Doris L Watson (re-) remembering my way back
She returned to faculty after a three-year stint
as Associate Dean just as Covid 19 emerged. Her
spiritual self was reawakened and she invoked
practices of walking meditation in her own
spiritual practices [attributed to a certain Thich
Nhat Nanh], which engendered peace and
serenity, it involves walking in a childlike
manner 'i.e. playfully' [and rather mindfully
'letting go of to get somewhere and just be']. She
let go of and re-engage scholars she'd read many
years before include bell hooks, Paolo Freire and
Cynthia Dillard. She re-engaged with teachers of
colour and the group that became to be known as
The Collective, a cross disciplinary team, which
encouraged her to let go of what she thought she
knew. She was not 'intimidated by the magic we
conjure as BIPOC scholars and leaders' (337).

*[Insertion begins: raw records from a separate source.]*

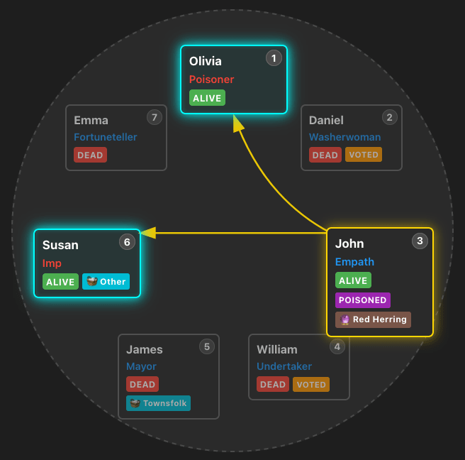 Olivia (Scarlet Woman) - "Need to distance myself from Susan who's making terrible plays and drawing suspicion to herself."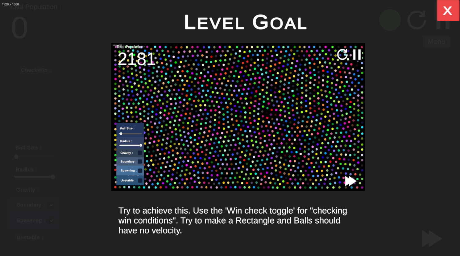 This is under construction. Please use those parameters and achieve the level goal (Only level one is Active).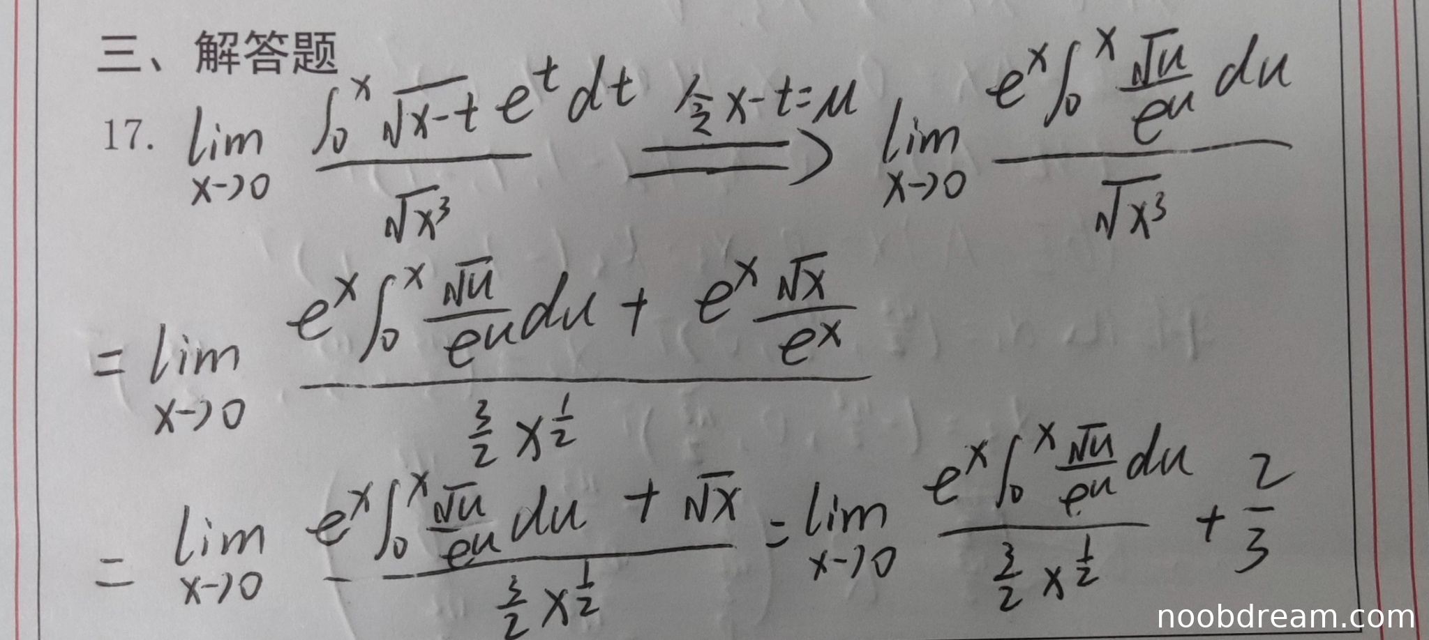 - 在第二次洛必达后的化简中,学生写为 \(\frac{4}{3} \lim_{x\to 0} \frac{\sqrt{x} e^x \int_0^x \frac{\sqrt{u}}{e^u} du + x}{x^{1/2}}\),这里分子分母阶数分析不严谨,但巧合地得到0。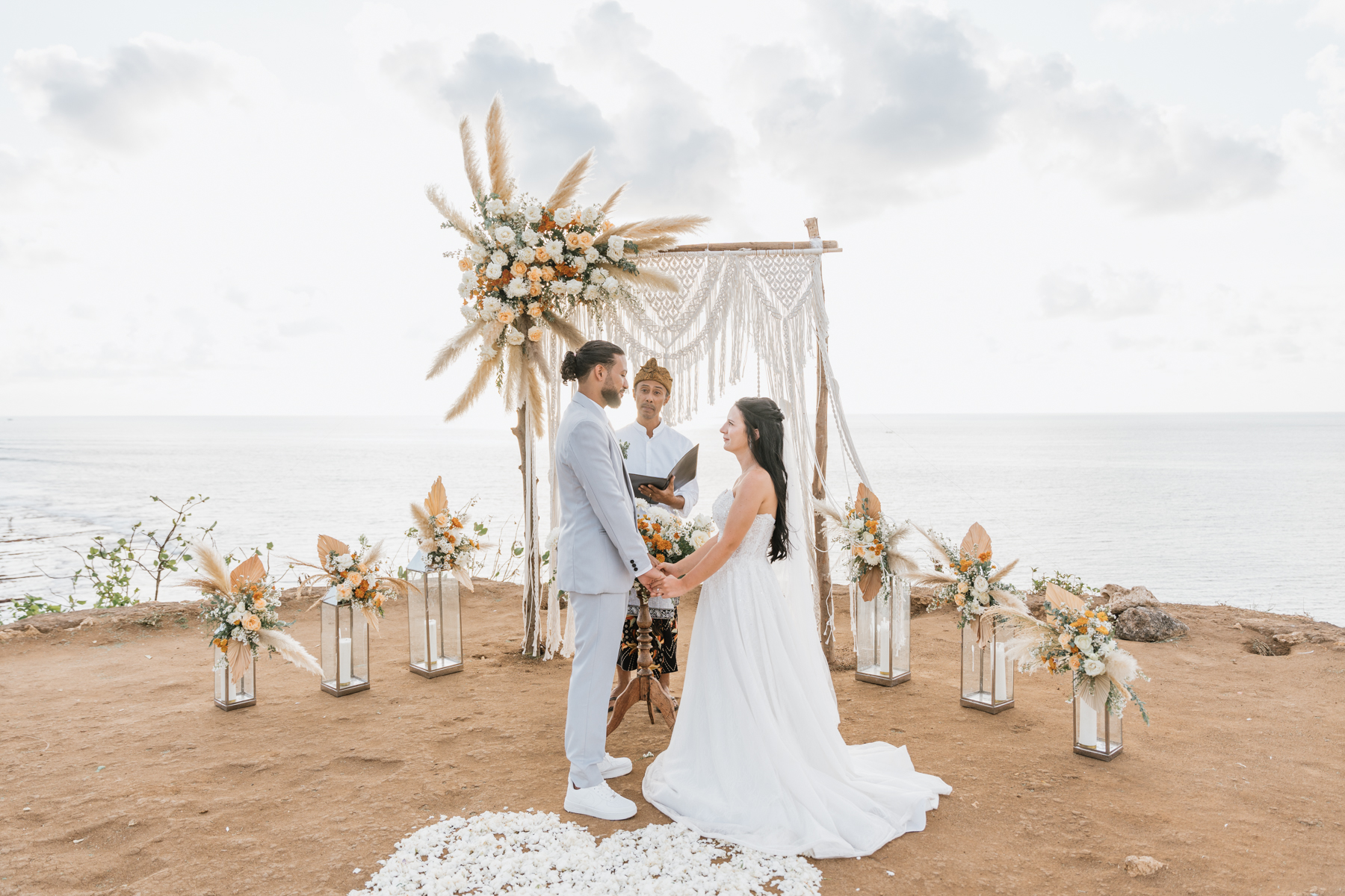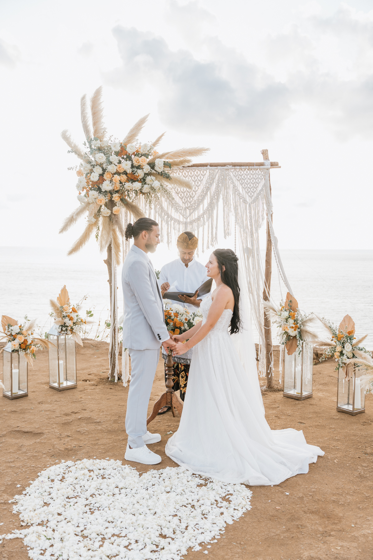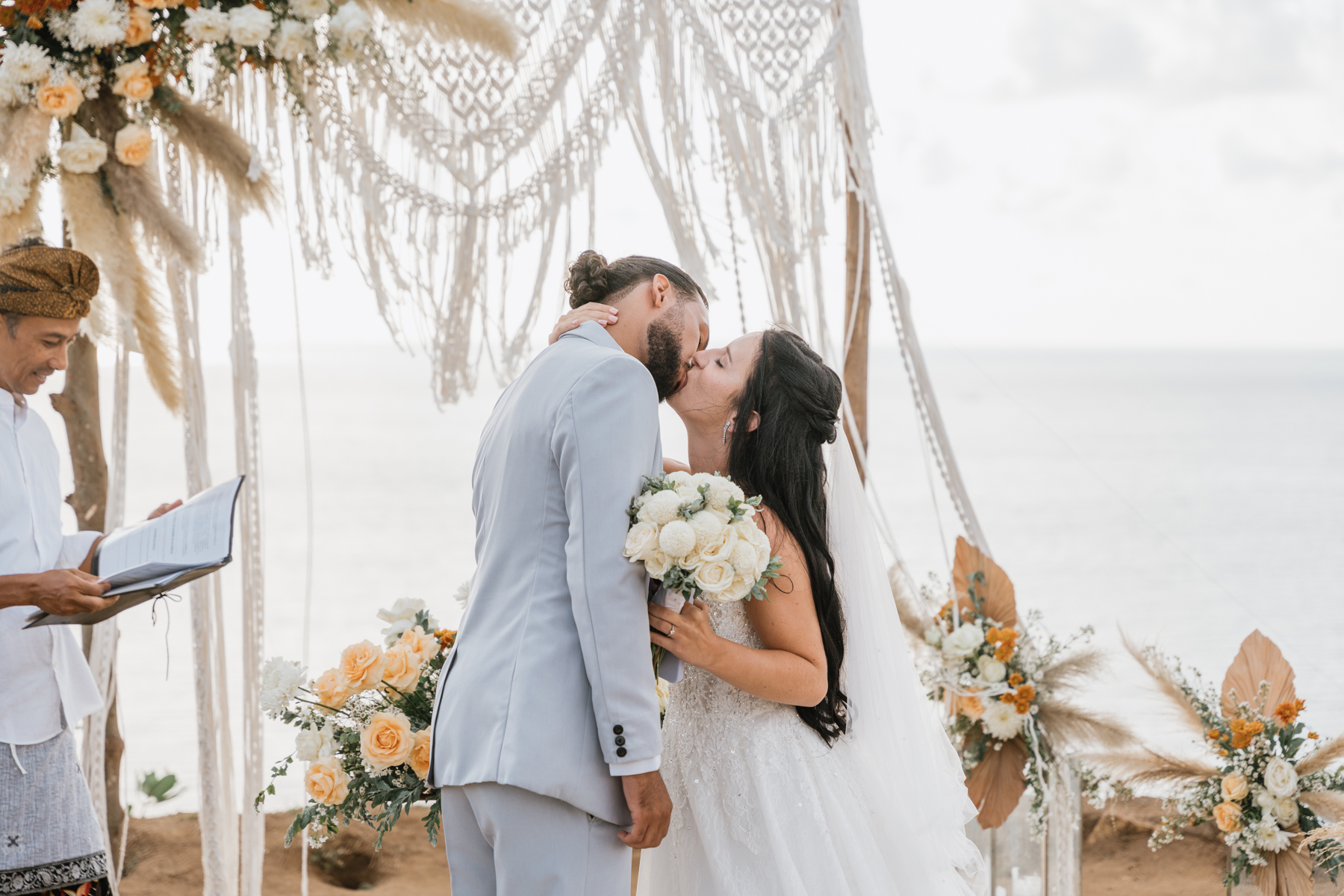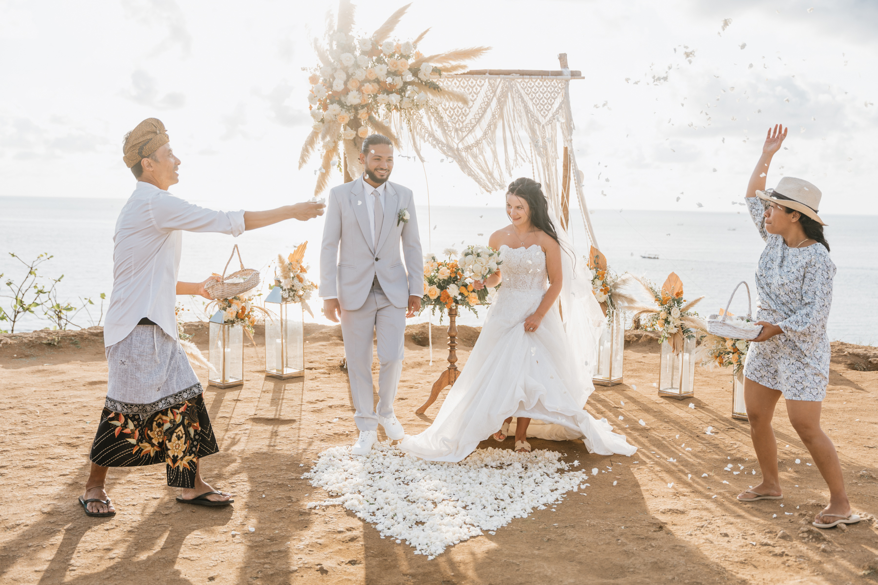 Estelle et Hamza ont ensuite été conduits en voiture privée jusqu’à leur lieu de cérémonie, une falaise majestueuse d’Uluwatu offrant une vue imprenable sur la mer. Là, sous un ciel bleu infini, ils ont échangé leurs vœux et leurs alliances. La cérémonie s’est déroulée en français, grâce à la présence d’un officiant indonésien parfaitement francophone, ajoutant une touche d’authenticité et de proximité à ce moment.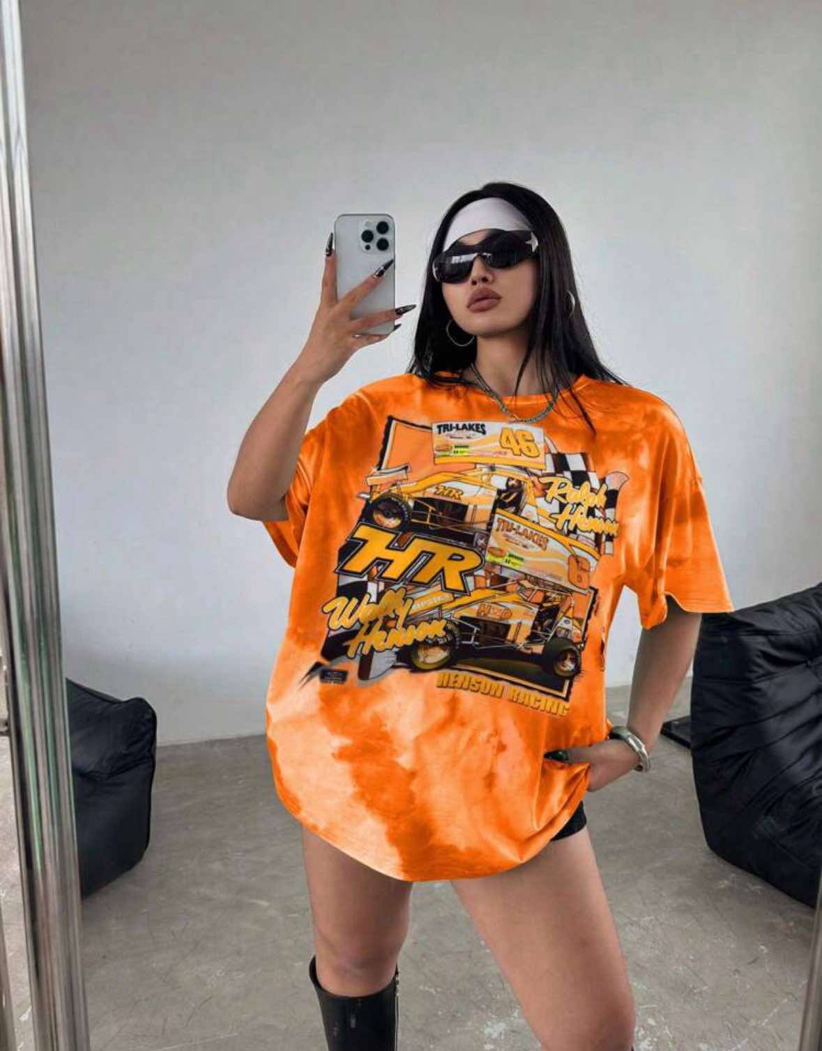 Inject some high-octane energy into your wardrobe with this orange tie-dye racing graphic t-shirt. The eye-catching design showcases vintage-style race cars and branding, set against a dynamic tie-dye background. Made for comfort and statement style, this tee is perfect for adding a unique twist to your casual wear.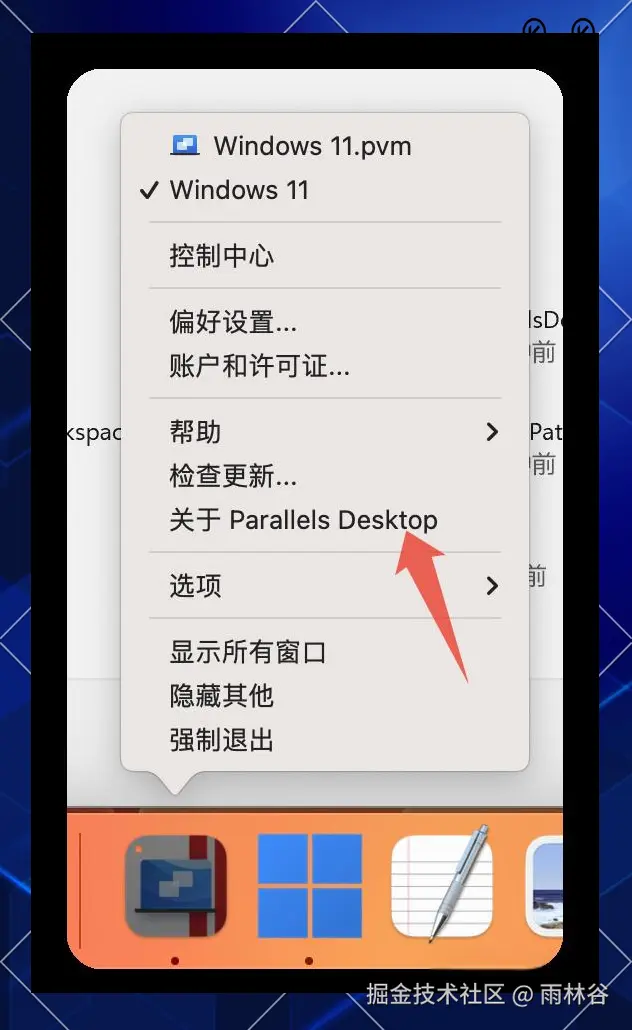 启动 Parallels Desktop 后,请点击位于界面左上角的菜单,依次选择“Parallels Desktop” -> “关于 Parallels Desktop” -> “授权信息”。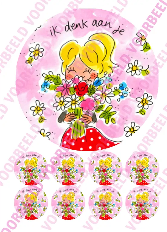 Eetbare Taartprint Ik denk aan je – 18 cm rond + 8 cupcake rondjes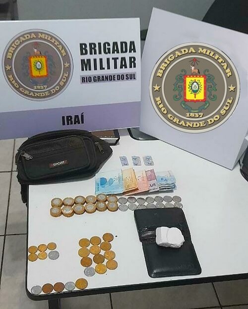 Na ação foram apreendidos R$569,00 (quinhentos e sessenta e nove reais), uma pochete preta, 60 gr de cocaína e seis comprimidos de Citrato de Sildenafila.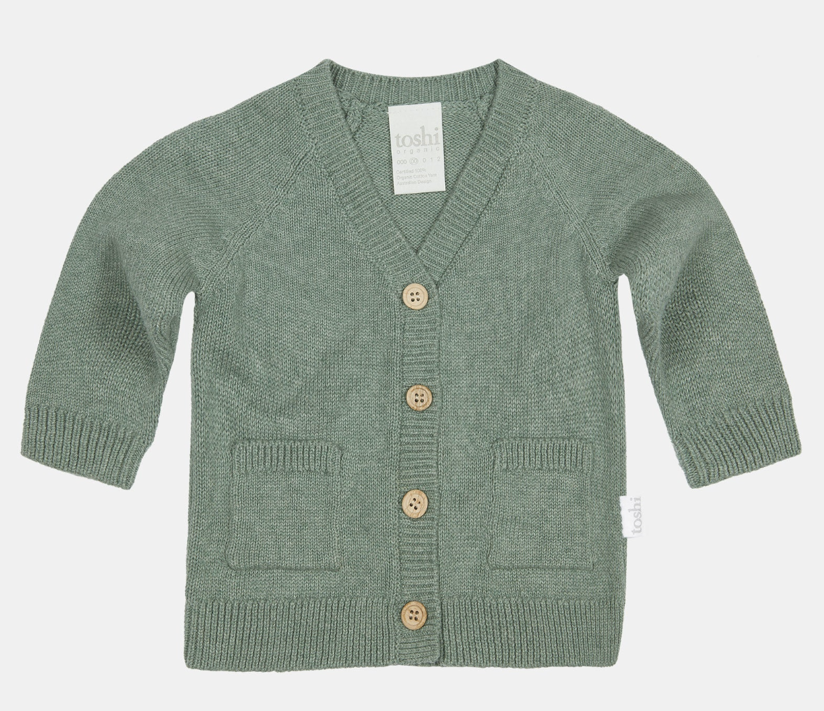 The sumptuously soft Toshi Organic Baby Cardigan Remy is crafted from the finest quality certified 100% organic cotton yarn. Organic certification ensures the cardigan is gentle on your delicate baby, as well as our precious environment. A melange yarn offers a level of refinement to this cosy and nurturing Toshi baby accessory. The styling is relaxed and loose fitting and creates a classic and yet contemporary feel. Traditional wooden buttons and functional pockets are featured. Cardigan Remy is designed to keep precious babies warm and cosy during our cooler months.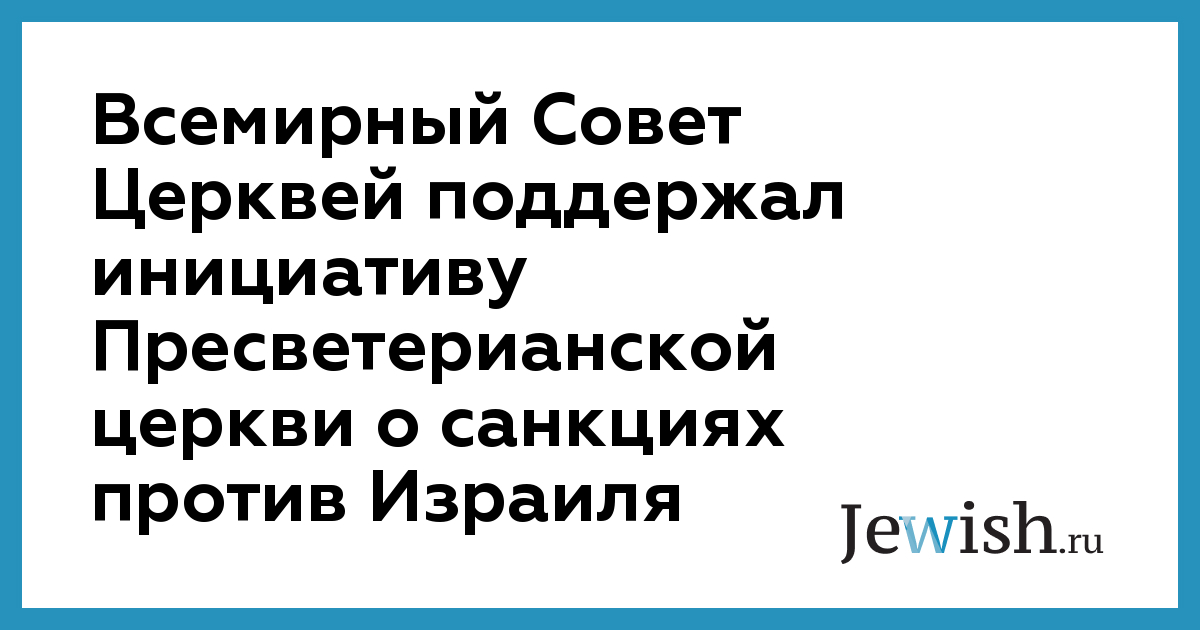Всемирный Совет Церквей поддержал инициативу Пресветерианской церкви о санкциях против Израиля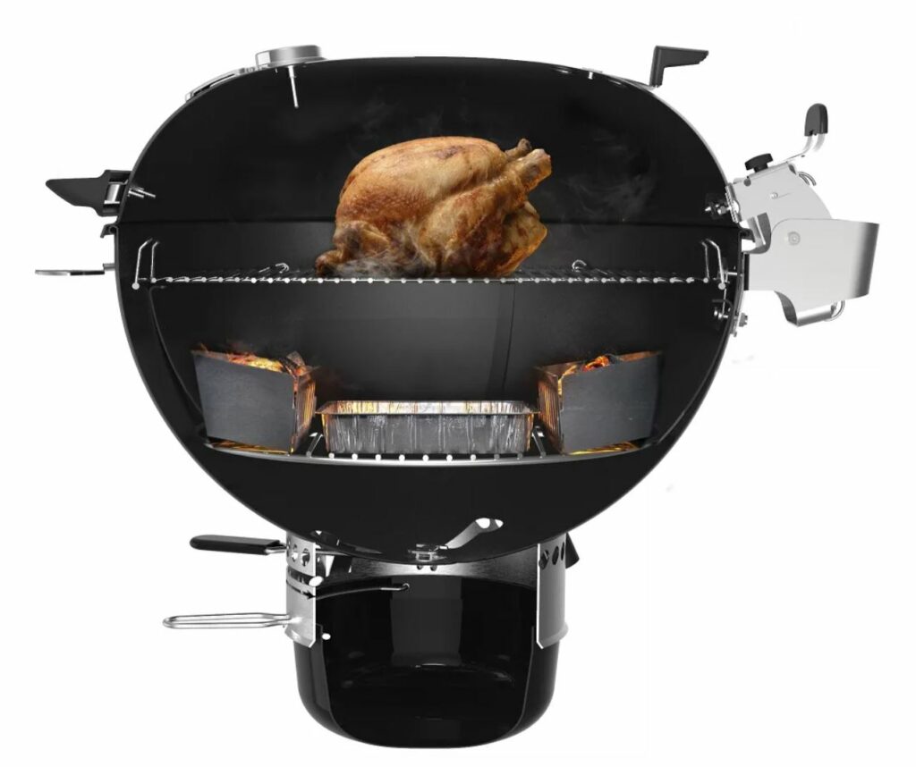 В нижней части котлов или чаш сделаны отверстия. Через них подаётся воздух, который поддерживает горение углей. Все грили с плотной крышкой можно использовать для копчения продуктов.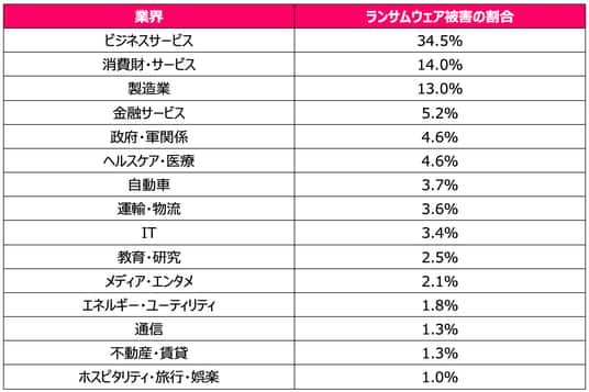 業界別では、「ビジネスサービス」分野が最も多く標的とされ、ランサムウェア被害全体の34.5%を占めました。これに「消費財・サービス」(14%)と「製造業」(13%)が続き、これら上位3業界だけで報告された被害の61.5%を占めています。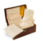 125 feuillets de formats divers ; dans un coffret de voyage ancien (42 x 20 x 28 cm) en acajou et éléments de laiton doré, intérieur en pin verni (avec son miroir).

In conventional qualitative research, we are
taught to consider ontology, epistemology,
axiology ['what is the role of values'],
rhetorical [values] 'what is the language of
research', and methodological. She finds this
conventional training 'most inauspicious'
instructed to 'know and thereby control the world
rather than allowed to come to know… We have
diminished our own ability to hear our stories —
the stories that lend to community — to (re-)
remembering'
She's been transformed, provided with the gift of
immersion in her local community, able to hear and
learn of lived experiences. She is now been able
to challenge academically acceptable definitions
of knowledge and ReVision her own philosophical
assumptions the community has been the research
method enabling participants to remember
themselves to research 'who we were, who we have
forgotten' [in other words, a collective therapy
after management]
Claytee D White: speaking our own truths
She was a non-traditional graduate student in
history who undertook oral history training. She
was initially 'scared and excited' and began with
an interview with a couple talking about the 1920s
in Las Vegas. She added various other projects
from different communities occupations and ethnic
groups. Eventually she looked at white supremacy
in a particular county school district. She went
on to examine women in gaming and entertainment,
and found that all the work so far had been
authored by white men, and that much of the
earlier history involving black women had been
ignored. An early collaborator was a local worker
and mother in the community, she provided access
to community memories involving stories of
historical events which 'went beyond storytelling
and became recognised as history, American
history' (338). More participants were invited to
relate black experience and more people are now
telling their own story 'with racial power as
racial emancipation and anti-subordination'
encouraged by BLM. 'This truth is filtering into
the schools'
Iesha Jackson: finding myself through (re)
revision
She reflected on Dillard and Bell referring to
'situated sacred and spiritual elements of the
process of research' when black and indigenous
people find themselves. She began with traditional
academic work, but when the IRB said her project
was not research, an unanticipated consequence,
put herself on a path to redefining herself as a
scholar. She stopped thinking about collecting
data and started 'gathering and mending pieces of
ourselves to research process that was no longer
limited by the confines of an institutional review
board' after participation in conversation, 'the
boundaries between researcher and researched were
obscured'
Former students were invited to join the project,
'people with whom I developed affinity' (339)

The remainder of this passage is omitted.